Task brief: Produce a word-for-word copy of the data that follows, excluding images.
---------- Given information
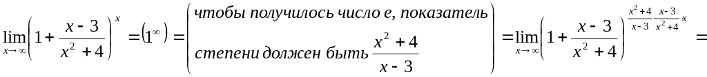Для раскрытия этой неопределенности применяется второй замечательный предел:
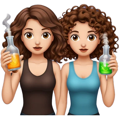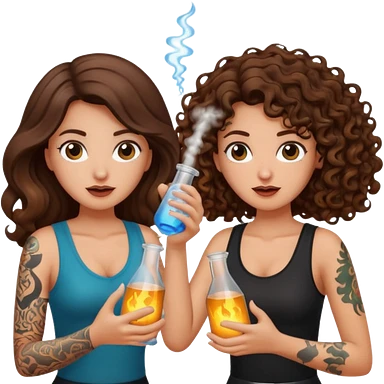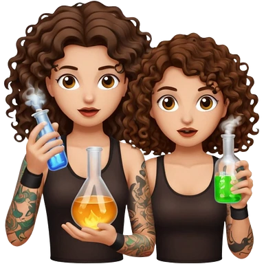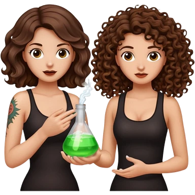 wrong mixture β long wavy brown hair tattooed woman and short tight curly brown hair woman β panic holding glowing flask emoji
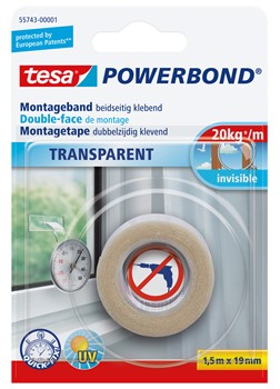 Für die unsichtbare Befestigung, z.B. von transparenten Gegenständen oder beim Anbringen auf Glasscheiben, bietet das tesa Powerbond® TRANSPARENT eine hervorragende Lösung.
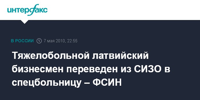 Тяжелобольной латвийский бизнесмен переведен из СИЗО в спецбольницу – ФСИН
--------------------
Written solution:
Для раскрытия этой неопределенности применяется второй замечательный предел:
 wrong mixture β long wavy brown hair tattooed woman and short tight curly brown hair woman β panic holding glowing flask emoji
 Für die unsichtbare Befestigung, z.B. von transparenten Gegenständen oder beim Anbringen auf Glasscheiben, bietet das tesa Powerbond® TRANSPARENT eine hervorragende Lösung.
 Тяжелобольной латвийский бизнесмен переведен из СИЗО в спецбольницу – ФСИН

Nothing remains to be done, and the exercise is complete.